This exercise calls for an exact copy of the listing, with no pictures kept.
**** GIVEN DATA
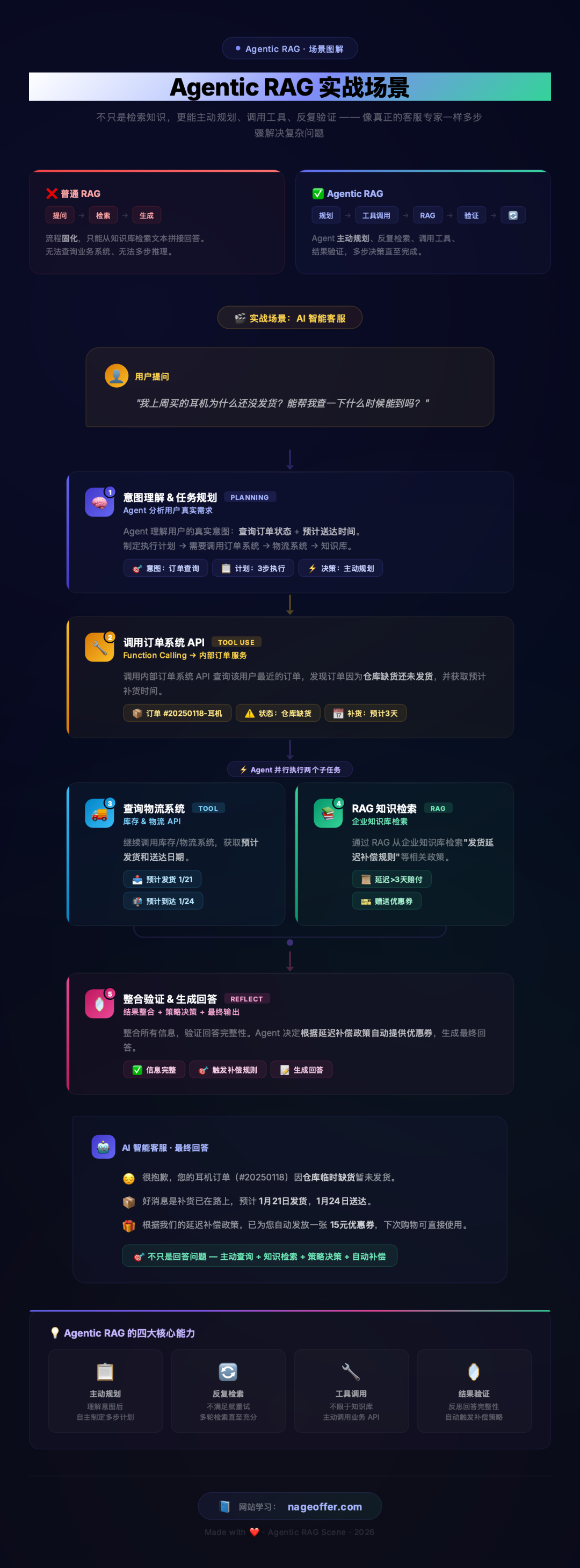 - Agentic RAG:把 RAG 和 Agent(后面会讲)结合起来。模型可以自主决定需不需要检索、搜什么关键词、结果不够好要不要换个方式再搜,而不是机械地走固定流程
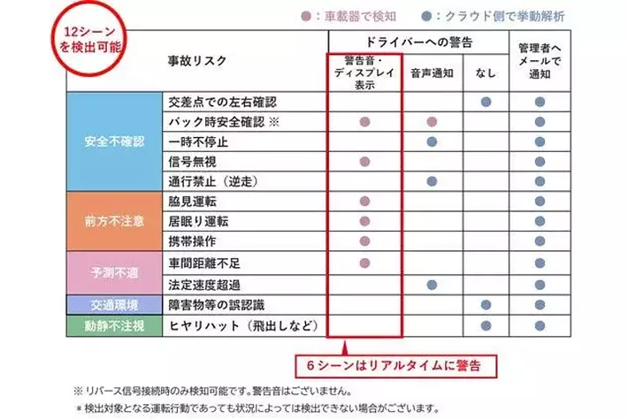■人的事故要因の約7割を占める「12シーン」をAIが検出すると、自動でドライバー・管理者に警告・通知
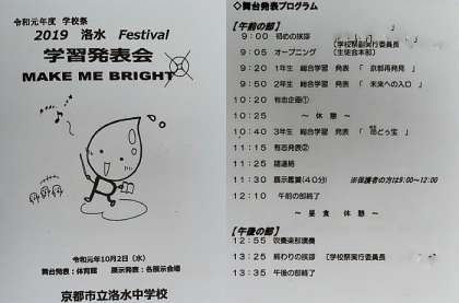 おはようございます。本日、2019年度の学習発表会(舞台発表・展示鑑賞)が、9時より行われます。生徒登校は、8時35分予鈴です。
********
▸ FINAL ANSWER
 - Agentic RAG:把 RAG 和 Agent(后面会讲)结合起来。模型可以自主决定需不需要检索、搜什么关键词、结果不够好要不要换个方式再搜,而不是机械地走固定流程
■人的事故要因の約7割を占める「12シーン」をAIが検出すると、自動でドライバー・管理者に警告・通知
 おはようございます。本日、2019年度の学習発表会(舞台発表・展示鑑賞)が、9時より行われます。生徒登校は、8時35分予鈴です。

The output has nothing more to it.